WORK INSTRUCTIONS: Find the line containing "ミキサーで回して再度加熱し、灰汁を取ります。" in the listing below; reproduce it and every line after, exactly. Skip pictures.

PROVIDED DATA:
[Start of Attachment]

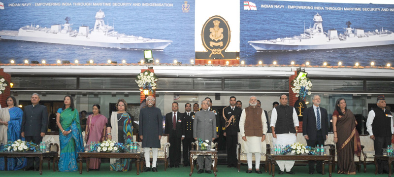 The President, Shri Pranab Mukherjee, the Vice President, Shri Mohd. Hamid Ansari, the Prime Minister, Shri Narendra Modi, the Union Home Minister, Shri Rajnath Singh and other dignitaries during the ‘At Home’ reception, organised by the Chief of Naval Staff, Admiral R.K. Dhowan, on the occasion of Navy Day, in New Delhi on December 04, 2015.
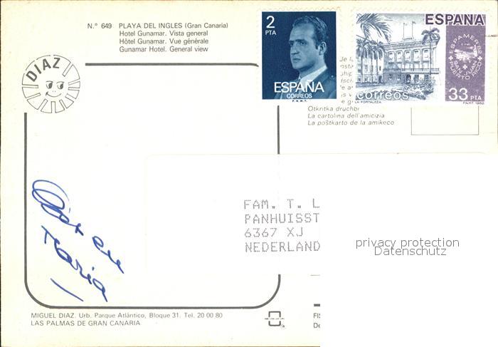 old postcard Gran Canaria Playa del Ingles postalisch gelaufen Erhaltung siehe scans [KathaD79]
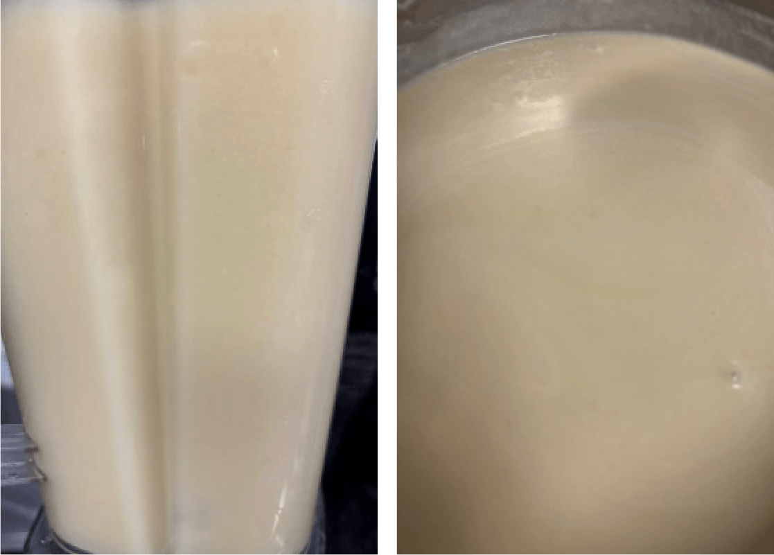 ミキサーで回して再度加熱し、灰汁を取ります。
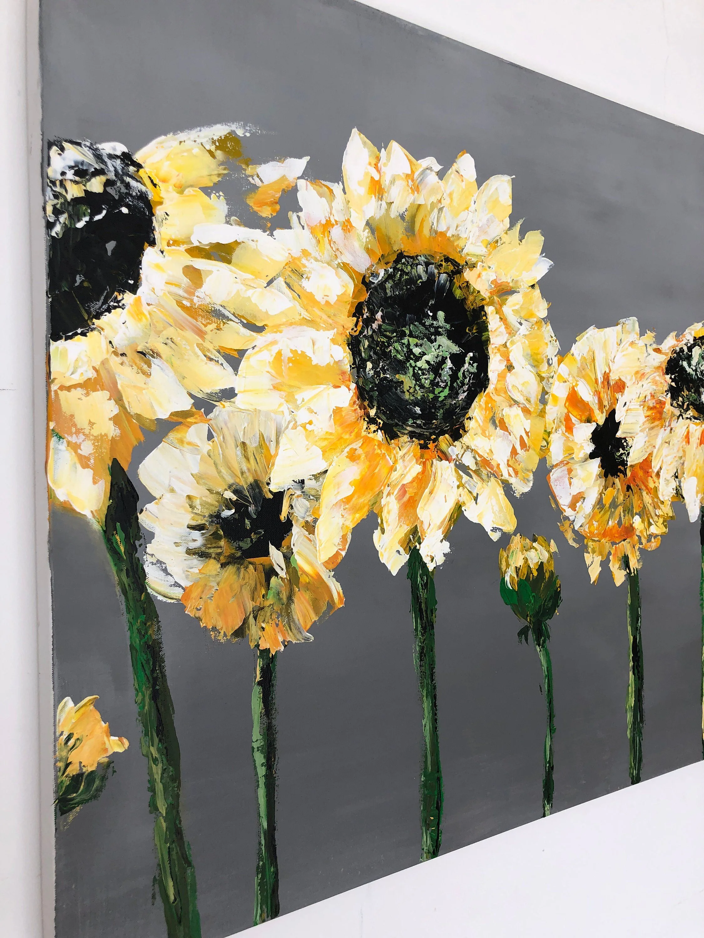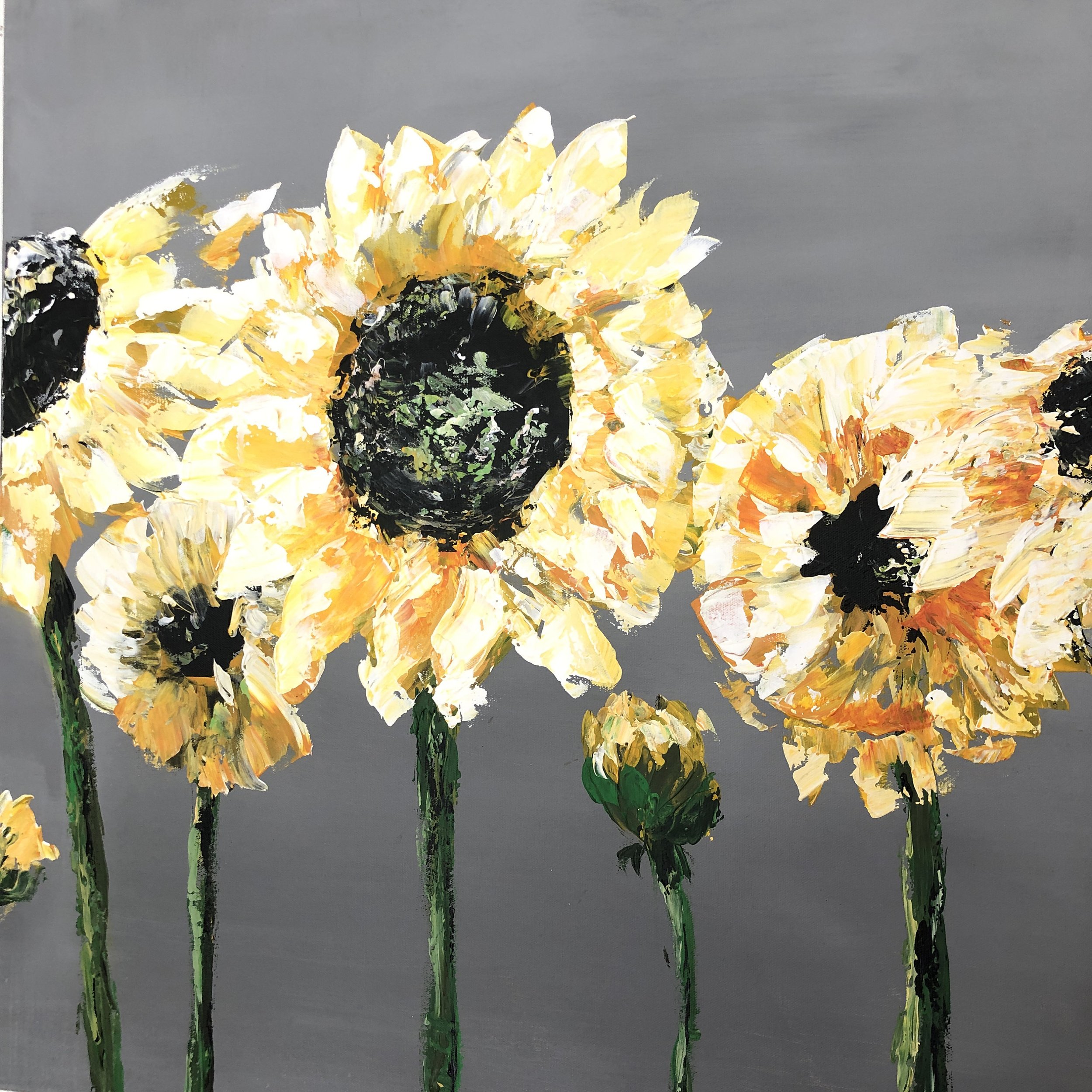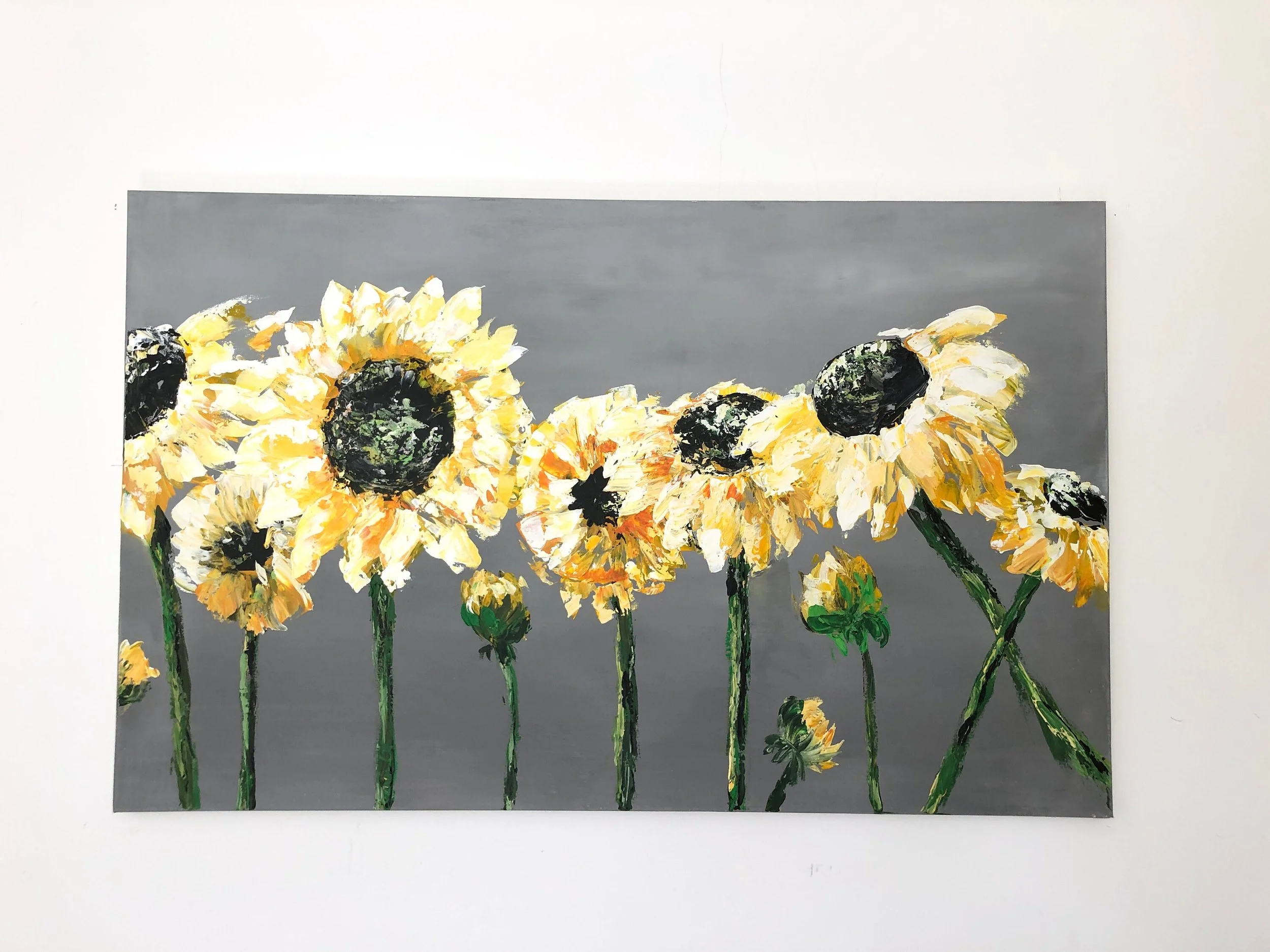 Gray and yellow beautiful large sunflower acrylic painting by Marcy Chapman 30" high x 40" wide

[End of Attachment]

EXERCISE RESPONSE:
 ミキサーで回して再度加熱し、灰汁を取ります。
 Gray and yellow beautiful large sunflower acrylic painting by Marcy Chapman 30" high x 40" wide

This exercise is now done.